44. The method of claim 43, comprising:

Transmitting, at the first semiconductor die, light waves in a first waveguide disposed at a first depth of the first semiconductor die;

Transferring the light wave from the first waveguide to a second waveguide through a plurality of coupling structures, wherein the second waveguide is disposed at a second depth of the first semiconductor die;

wherein the plurality of coupling structures includes at least a first coupling structure and a second coupling structure, the first coupling structure being disposed at a third depth of the first semiconductor die and the second coupling structure being disposed at a fourth depth of the first semiconductor die.

45. The method of claim 44, wherein the plurality of coupling structures includes at least the first coupling structure, the second coupling structure, and a third coupling structure disposed at a fifth depth of the first semiconductor die.

46. The method of claim 44 or 45, wherein transferring the optical wave from the first waveguide to the second waveguide comprises transmitting no more than 10% of the power of the optical wave in each of the first and second coupling structures simultaneously.

47. The method of claim 44 or 45, wherein transferring the light wave from the first waveguide to the second waveguide comprises simultaneously transmitting at least 10% of the power of the light wave in each of the first and second coupling structures at some point during transfer.

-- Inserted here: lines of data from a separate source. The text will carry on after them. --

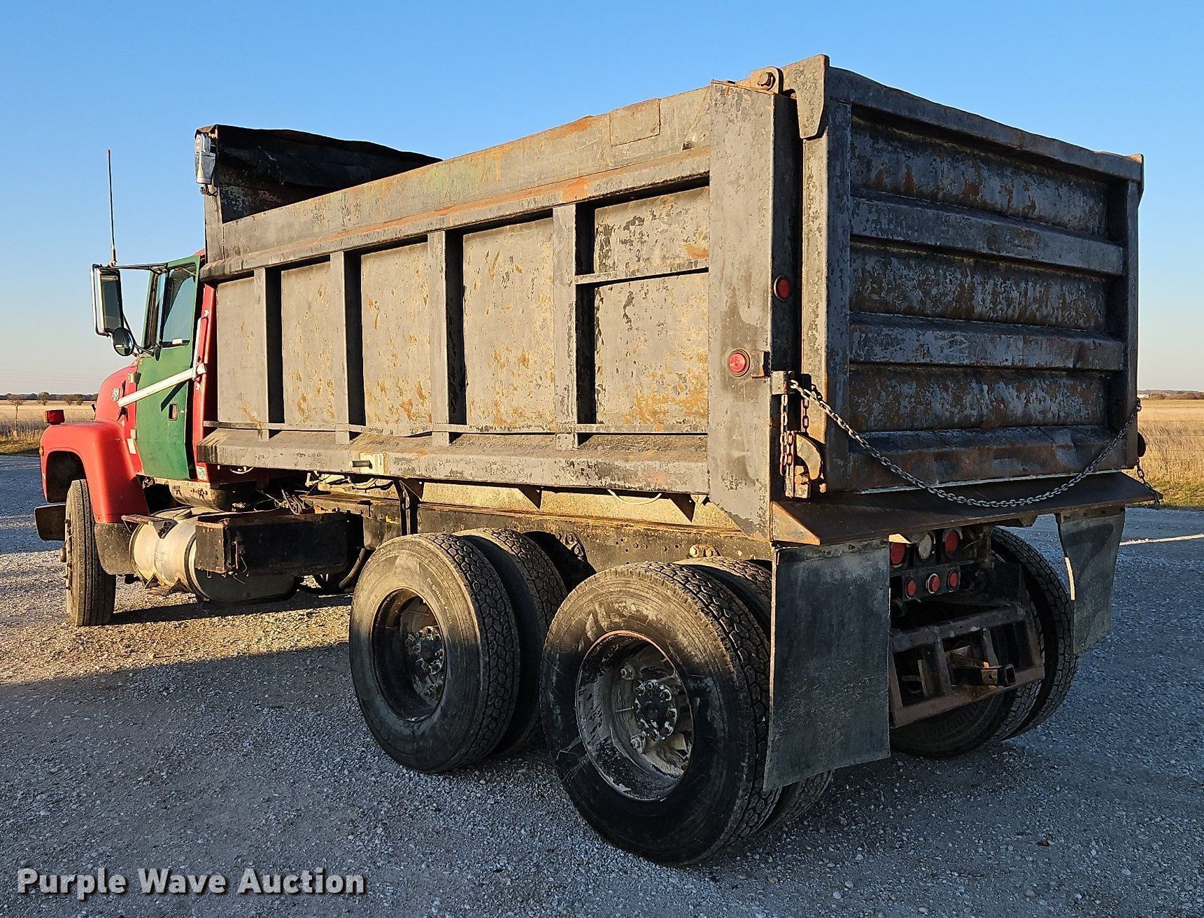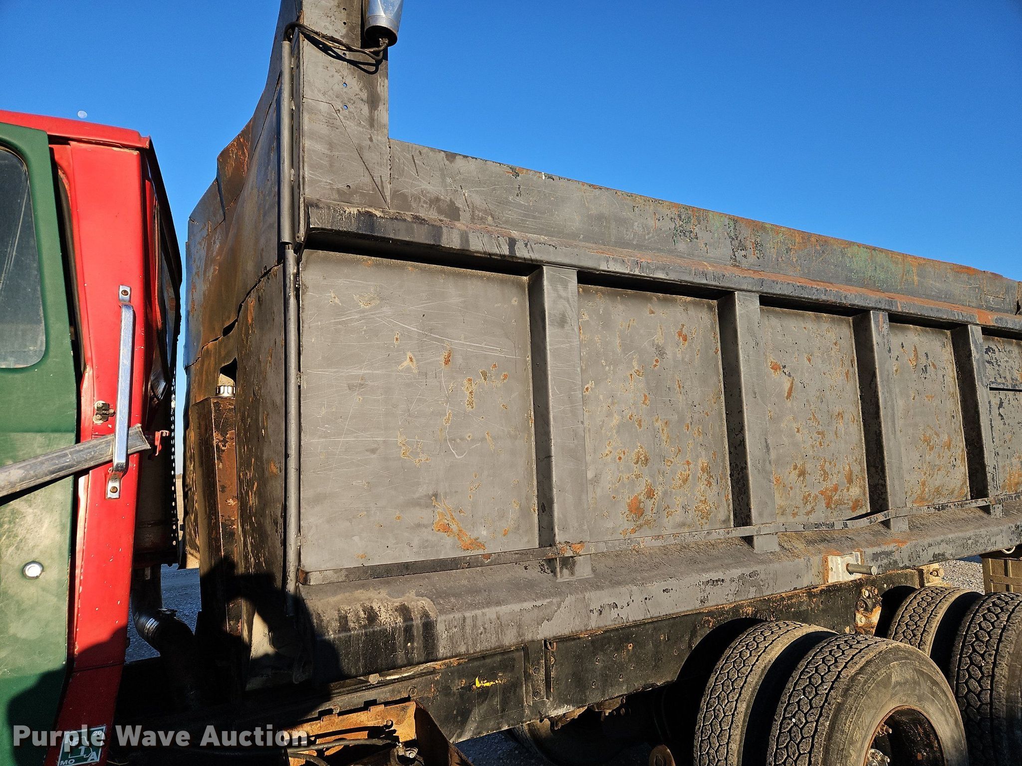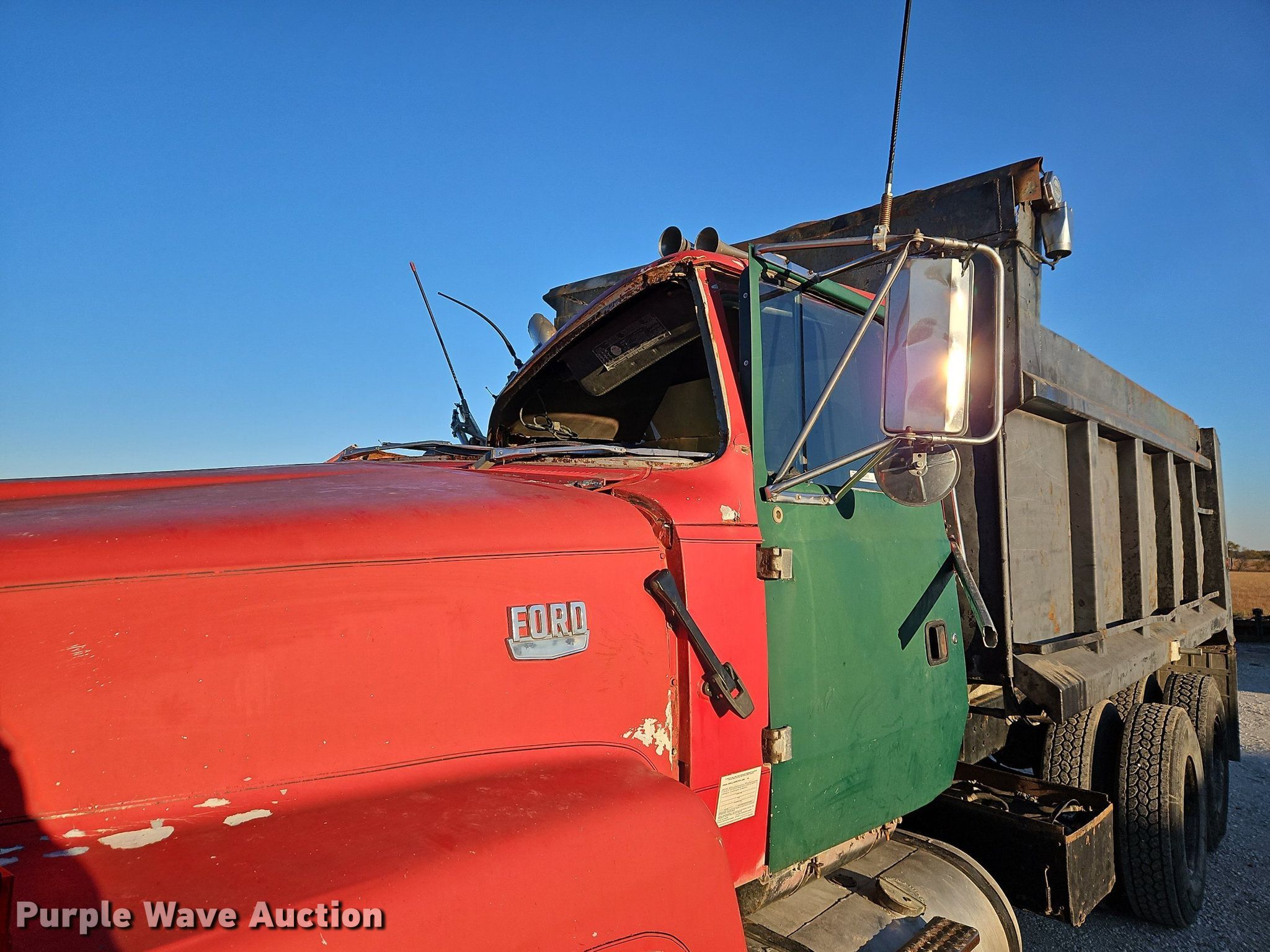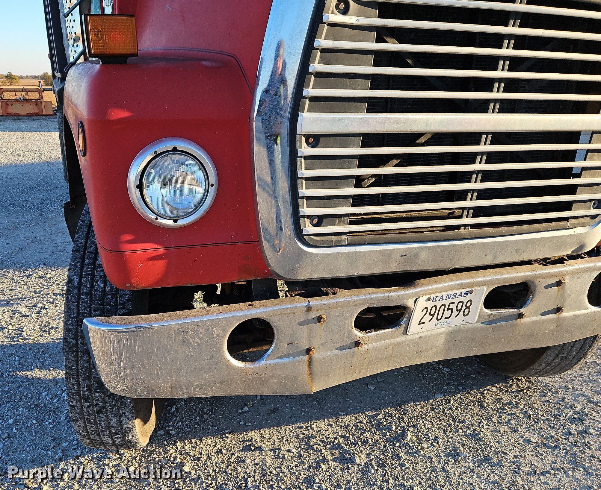 1978 Ford dump truck. Miles: 866,968 on odometer, VIN: U91VVBB1270. Engine Cummins , Cylinders: 6, Fuel type: Diesel. Transmission Roadranger RTO-9513-12513, Manual, Speed: 13. Chassis Double frame, Axles: Tandem, Suspension: Spring over walking beam, Brakes: Air, PTO, GVWR: 52,000 lbs FAWR: 14,000 lbs, IAWR: 19,000 lbs, RAWR: 19,000 lbs. Interior Heat. Features Dump bed 14' L x 8' W, Side height: 48", Bed type: Steel, Roll tarp, Ram: Single , End gate: Air operated. Tires Size: 11/R24.5. Notes Windshield chipped or cracked, Cad needs replaced, storm damage. Kansas antique title. Title distribution may be delayed up to 14 days from verification of funds. 1343 Rock Road. Yates Center, KS 66783
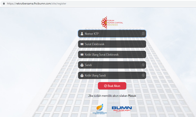 Buat akun pada website perekrutan bersama bumn di rekrutbersama.fhcibumn.com.
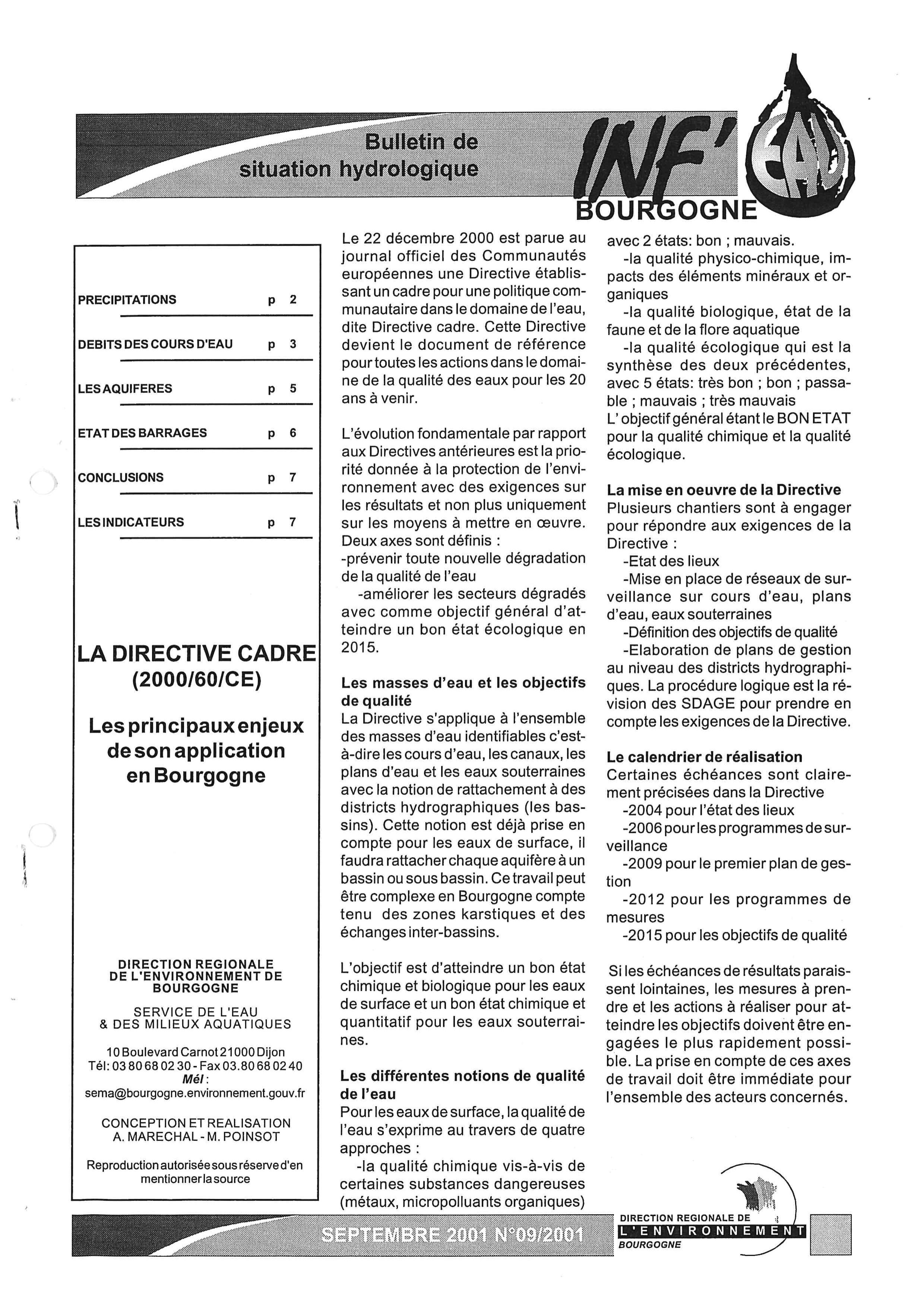 Bulletin hydrologique septembre 2001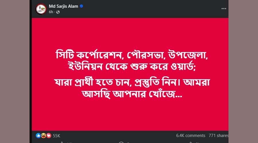 আসন্ন স্থানীয় সরকার নির্বাচনকে সামনে রেখে ‘স্থানীয় সরকার নির্বাচন পরিচালনা কমিটি’ গঠন করেছে জাতীয় নাগরিক পার্টি (এনসিপি)। এই কমিটির চেয়ারম্যান হিসেবে দায়িত্ব দেওয়া হয়েছে এনসিপির উত্তরাঞ্চলের মুখ্য সংগঠক সারজিস আলমকে।

48. The method of claim 44 or 45, wherein transferring the light wave from the first waveguide to the second waveguide comprises simultaneously transmitting at least 20% of the power of the light wave in each of the first and second coupling structures at some point during transfer.

49. The method of claim 44 or 45, wherein transferring the light wave from the first waveguide to the second waveguide comprises simultaneously transmitting at least 30% of the power of the light wave in each of the first and second coupling structures at some point during transfer.

50. The method of claim 44 or 45, wherein transferring the light wave from the first waveguide to the second waveguide comprises simultaneously transmitting at least 40% of the power of the light wave in each of the first and second coupling structures at some point during transfer.

51. The method of claim 45, wherein transferring the optical wave from the first waveguide to the second waveguide comprises simultaneously transmitting at least 10% of the power of the optical wave in each of the first, second, and third coupling structures at some point during the transferring.

52. The method of claim 45, wherein transferring the optical wave from the first waveguide to the second waveguide comprises simultaneously transmitting at least 20% of the power of the optical wave in each of the first, second, and third coupling structures at some point during the transferring.

53. The method of claim 45, wherein transferring the optical wave from the first waveguide to the second waveguide comprises simultaneously transmitting at least 30% of the power of the optical wave in each of the first, second, and third coupling structures at some point during the transferring.